▶ _EXERCISE_: Give back an exact repetition of the material below, from its first line through the line that contains "Looking for a", both included, minus the pictures.

▶ _DATASET SECTION_:

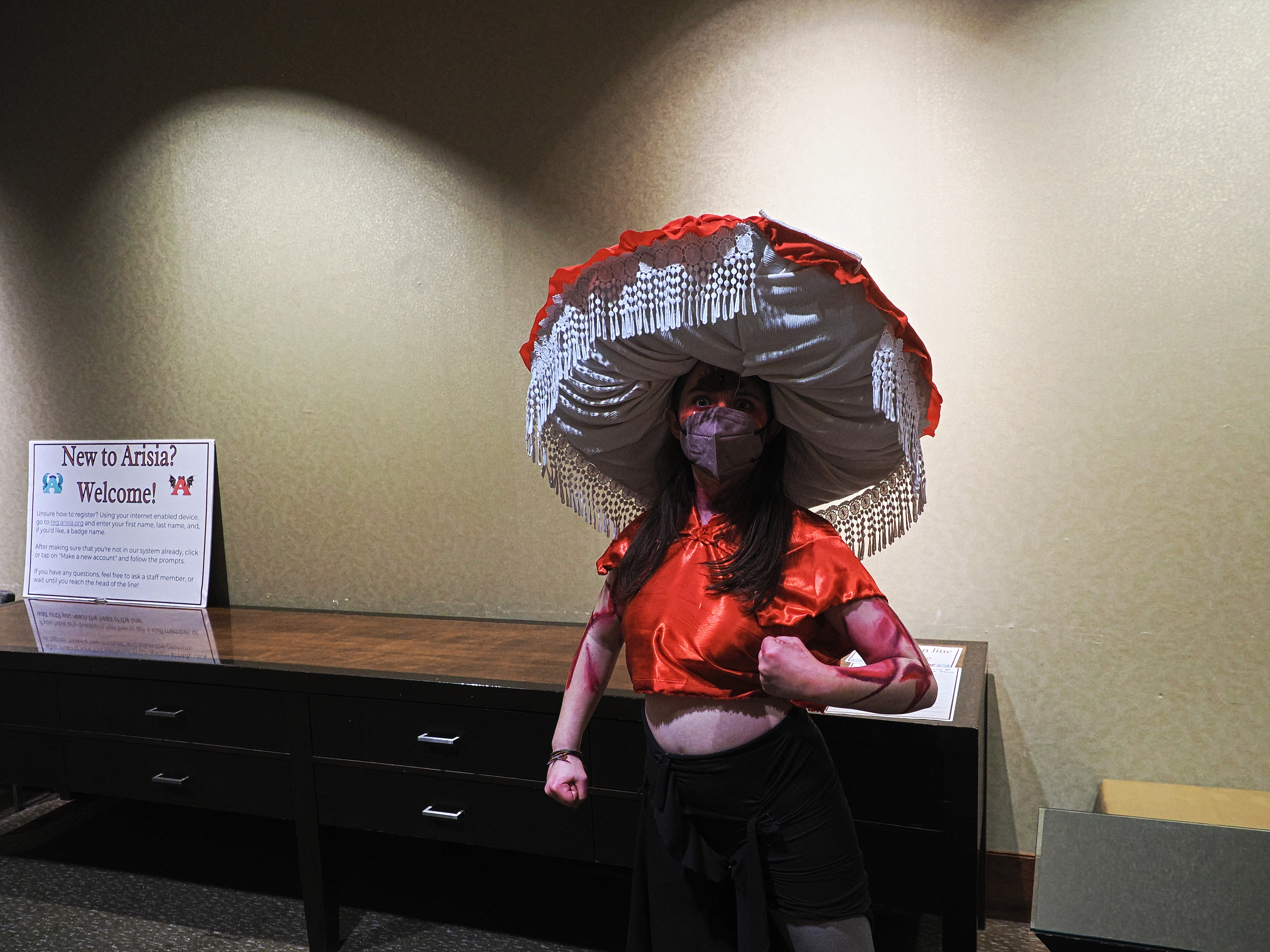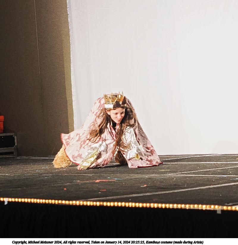 Picture #4: Kamikaze costume (made during Arisia) Thumb: 480x480, 48,454 bytes (48K) Small: 800x823, 102,432 bytes (101K), (html file) Large: 2400x2400, 1,154,370 bytes (1.1M), (html file) Copyright, Michael Meissner 2024, All rights reserved OM OM1 camera with Olympus-m43 12-40mm f/2.8 lens f/2.8, ISO 1250, 1/125 sec, 40.0mm, auto mode, vivid color, center weight metering, continous focus, IS Auto, face detection, anti-shock 35mm equivalent focal length 80.0mm Programs used: crop, raw therapee Taken by Michael Meissner on January 14, 2024 20:25:25 Last modified on January 28, 2024 at 02:45 |
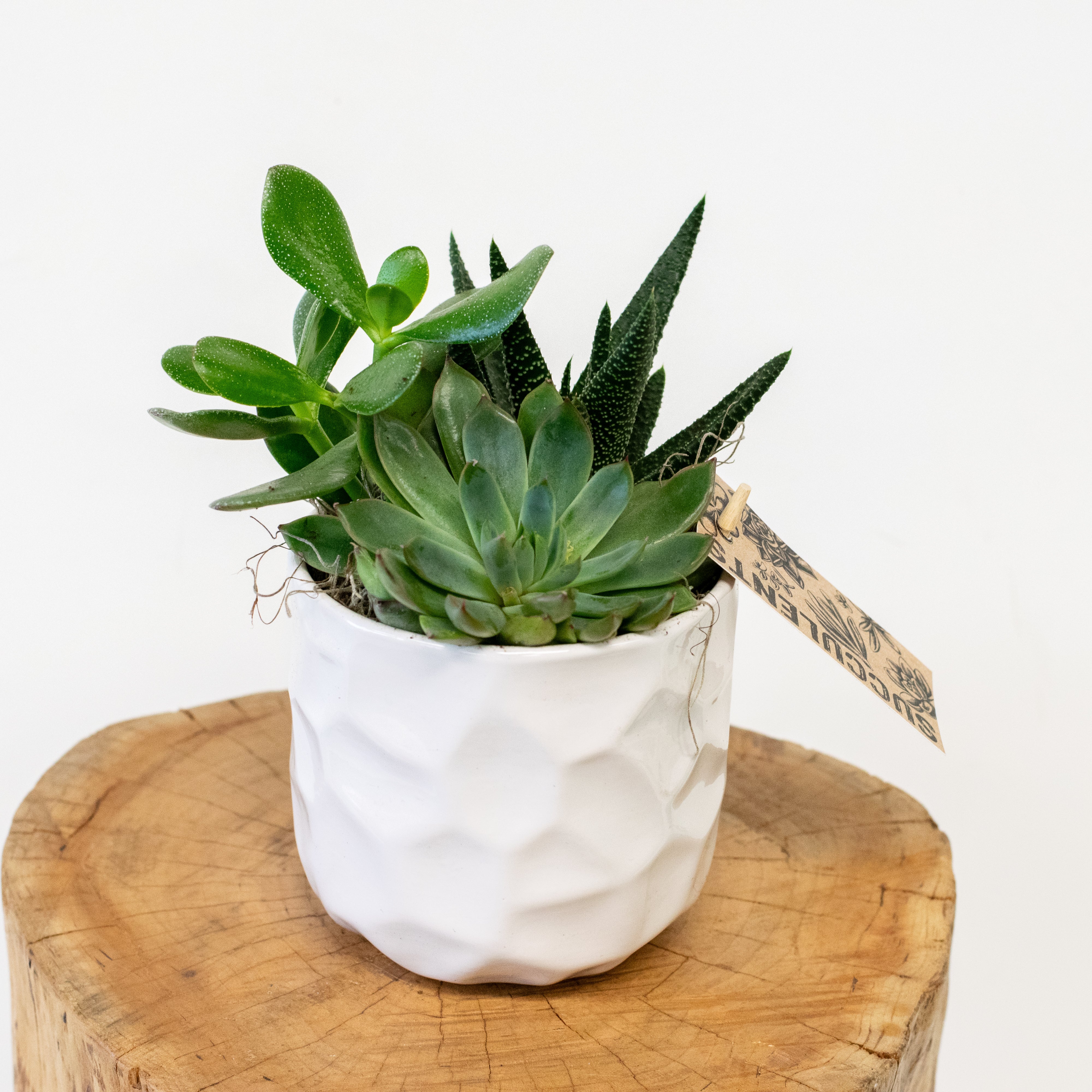 Looking for a meaningful gift for your loved one or best friend? Look no further than this low-maintenance planter filled with a variety of beautiful succulents. These plants embody strength, selflessness, love, and tenacity. Please keep in mind that the selection of succulents included may vary based on availability.
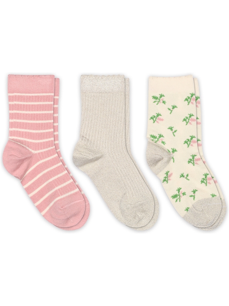 Denne fine 3-pak strømper fra mp Denmark er et perfekt valg til børn, der ønsker komfort, kvalitet og et sødt design i hverdagen. Pakken indeholder tre forskellige par strømper i smukke og harmoniske farver: et par rosa strømper med striber, et par klassiske beige ribstrømper og et par cremefarvede strømper med et fint blomsterinspireret mønster. Kombinationen af de tre designs gør pakken både praktisk og alsidig, så barnet kan variere sit look fra dag til dag. 🌸🧦
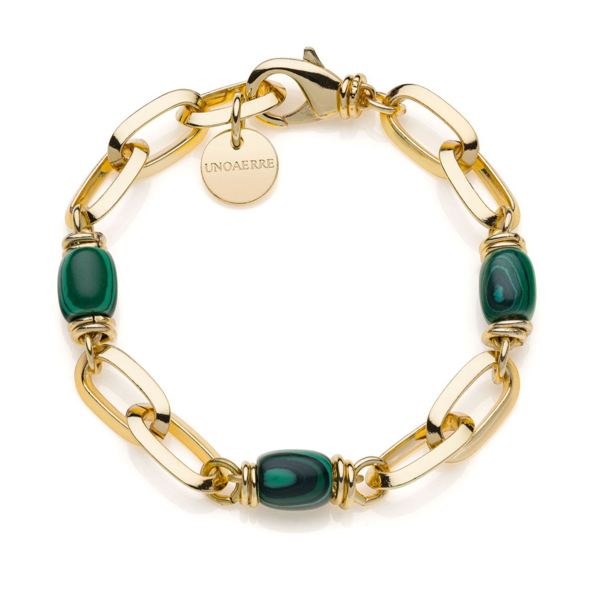 Bracciale donna unoaerre, 2199, collezione classica, in bronzo dorato e malachite verde, lunghezza 20cm

▶ _ANSWER TO THE PROBLEM_:
 Picture #4: Kamikaze costume (made during Arisia) Thumb: 480x480, 48,454 bytes (48K) Small: 800x823, 102,432 bytes (101K), (html file) Large: 2400x2400, 1,154,370 bytes (1.1M), (html file) Copyright, Michael Meissner 2024, All rights reserved OM OM1 camera with Olympus-m43 12-40mm f/2.8 lens f/2.8, ISO 1250, 1/125 sec, 40.0mm, auto mode, vivid color, center weight metering, continous focus, IS Auto, face detection, anti-shock 35mm equivalent focal length 80.0mm Programs used: crop, raw therapee Taken by Michael Meissner on January 14, 2024 20:25:25 Last modified on January 28, 2024 at 02:45 |
 Looking for a meaningful gift for your loved one or best friend? Look no further than this low-maintenance planter filled with a variety of beautiful succulents. These plants embody strength, selflessness, love, and tenacity. Please keep in mind that the selection of succulents included may vary based on availability.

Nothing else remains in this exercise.